WHAT IS REQUIRED: Your output is to hold only the lines from the one showing "買家類型—允諾型——太貴了,第一次來你給" through the end of the listing, exactly, with every picture excluded.

SUPPLIED MATERIAL:
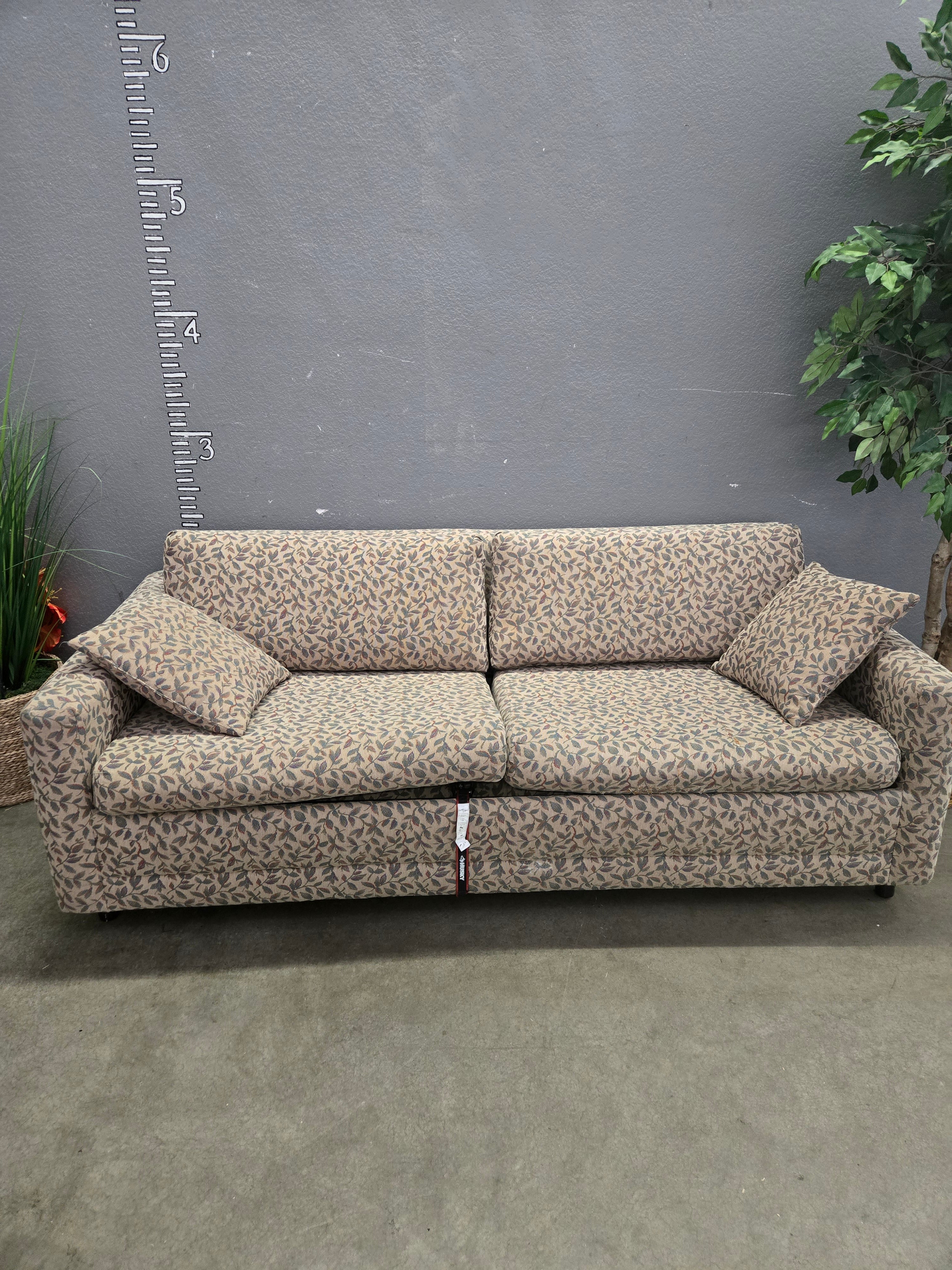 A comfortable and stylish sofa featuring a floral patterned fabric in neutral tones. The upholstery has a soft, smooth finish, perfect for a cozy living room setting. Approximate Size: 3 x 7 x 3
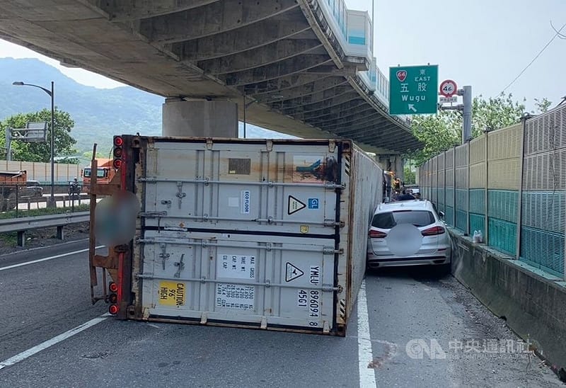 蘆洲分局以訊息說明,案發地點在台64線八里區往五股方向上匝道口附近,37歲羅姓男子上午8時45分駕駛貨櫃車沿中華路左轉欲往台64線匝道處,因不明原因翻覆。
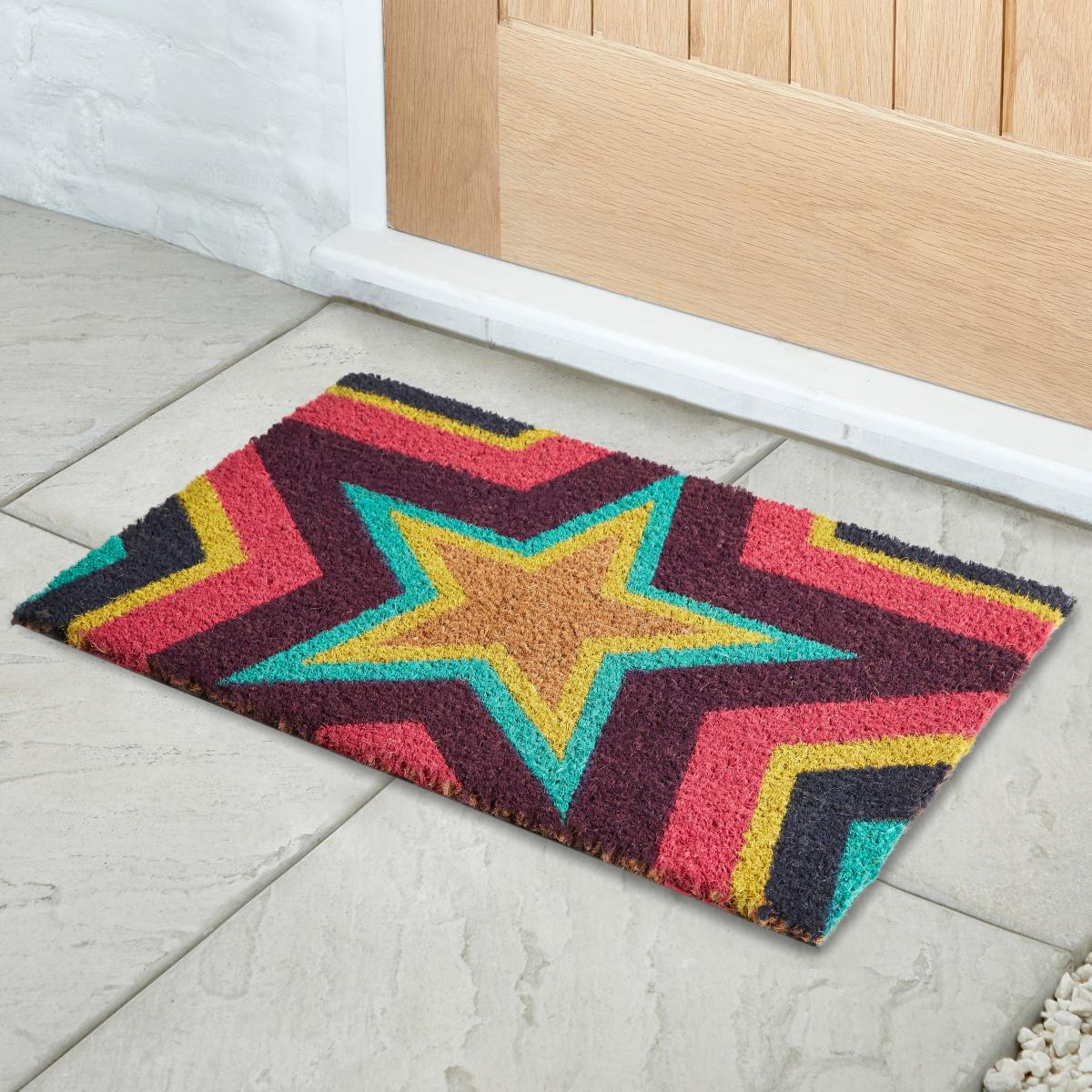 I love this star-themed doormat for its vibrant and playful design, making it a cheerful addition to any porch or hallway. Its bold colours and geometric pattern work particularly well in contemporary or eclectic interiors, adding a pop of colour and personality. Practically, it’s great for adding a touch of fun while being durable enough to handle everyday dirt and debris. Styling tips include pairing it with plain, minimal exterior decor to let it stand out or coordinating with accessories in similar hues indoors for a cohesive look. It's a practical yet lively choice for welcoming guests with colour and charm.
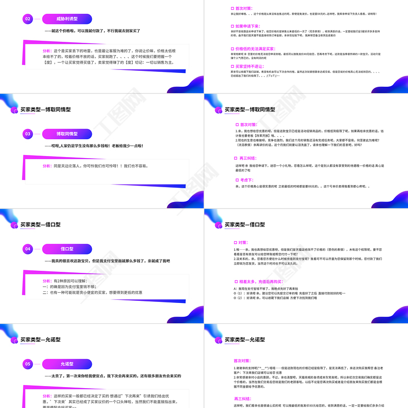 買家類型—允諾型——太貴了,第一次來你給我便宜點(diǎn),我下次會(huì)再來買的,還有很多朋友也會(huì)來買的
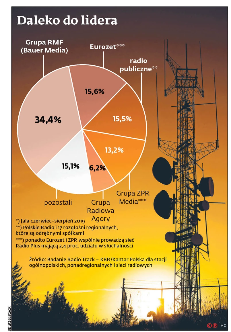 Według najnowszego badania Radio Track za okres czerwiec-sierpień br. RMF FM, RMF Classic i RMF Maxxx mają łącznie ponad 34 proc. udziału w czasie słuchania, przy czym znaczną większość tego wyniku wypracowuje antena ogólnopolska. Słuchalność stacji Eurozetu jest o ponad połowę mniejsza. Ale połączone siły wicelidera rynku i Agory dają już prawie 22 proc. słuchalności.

ANSWER SPACE:
 買家類型—允諾型——太貴了,第一次來你給我便宜點(diǎn),我下次會(huì)再來買的,還有很多朋友也會(huì)來買的
 Według najnowszego badania Radio Track za okres czerwiec-sierpień br. RMF FM, RMF Classic i RMF Maxxx mają łącznie ponad 34 proc. udziału w czasie słuchania, przy czym znaczną większość tego wyniku wypracowuje antena ogólnopolska. Słuchalność stacji Eurozetu jest o ponad połowę mniejsza. Ale połączone siły wicelidera rynku i Agory dają już prawie 22 proc. słuchalności.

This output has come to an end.